Anyway, it still doesn't make full sense since the full formula in the cells is

=IFERROR([@[Retail Price]]/[@[Pack Size]]*100,"")

meaning a mix of use of "=" and "@". Isn't the "@" redundant here anyway?

Regards

Quarterp

https://support.office.com/en-gb/article/Use-structured-references-in-Excel-table-formulas-75fb07d3-826a-449c-b76f-363057e3d16f#__toc384648768

#This Row or @ or @[Column Name]

refers to

Just the cells in the same row as the formula. These specifiers can’t be combined with any other special item specifiers. Use them to force implicit intersection behavior for the reference or to override implicit intersection behavior and refer to single values from a column.
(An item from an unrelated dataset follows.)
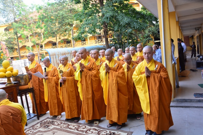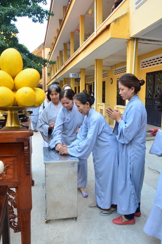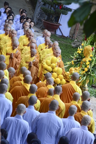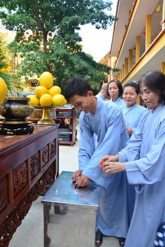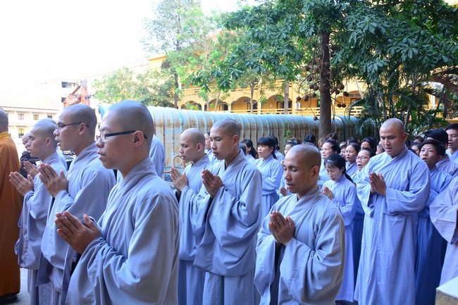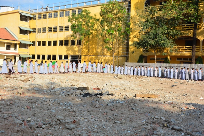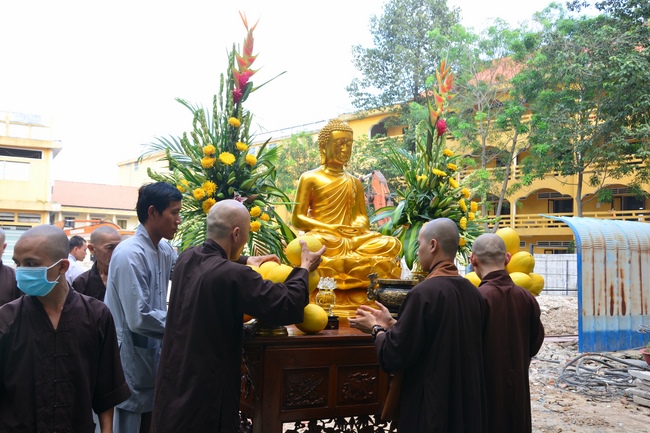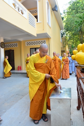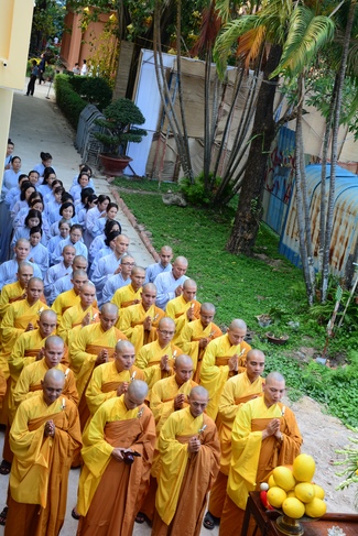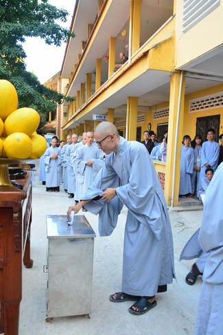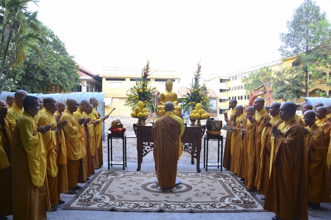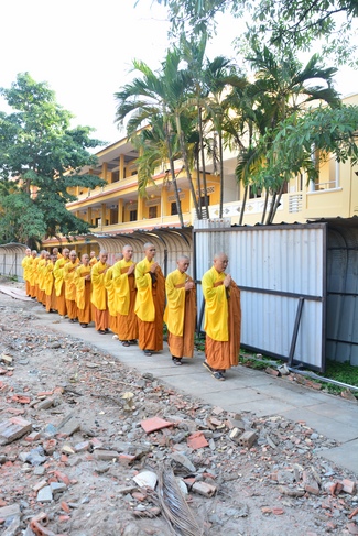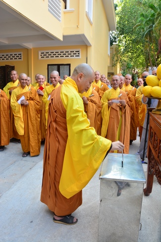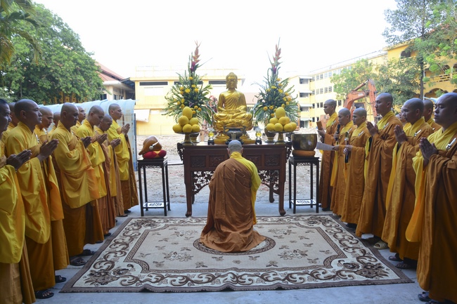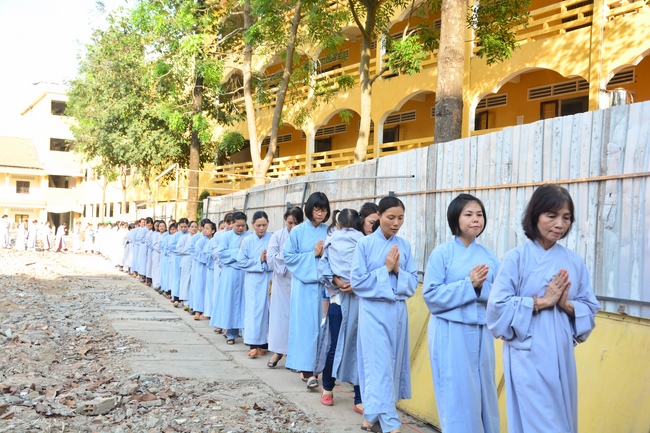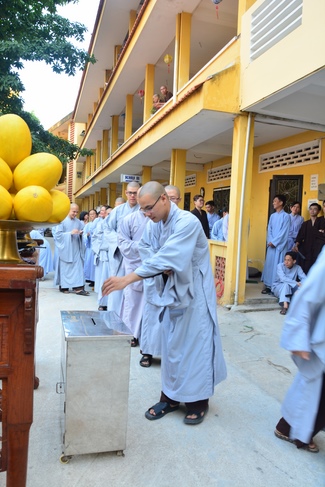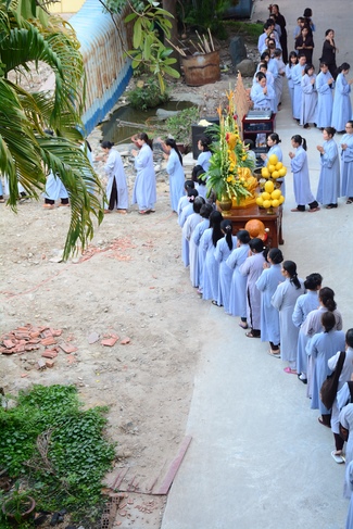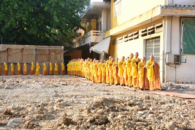 After offering incense to pay homage to Buddha and chanting rite, the sangha and Buddhists recite Buddha’s name while walking around the construction field. After that, The Venerable Abbot opens the donation for the building construction with his offering, then follow the monks and Buddhists. All have the same wish for the best fulfillment of the project.

Excel automatically changes #This Row specifiers to the shorter @ specifier in tables that have more than one row of data. But if your table has only one row, Excel doesn’t replace the #This Row specifier, which may cause unexpected calculation results when you add more rows. To avoid calculation problems, make sure you enter multiple rows in your table before you enter any structured reference formulas.

"The @ is new notation in Excel 2010 replacing Row from Excel 2007. The at symbol is used to shorten formulas inside named tables referencing cells in the same row."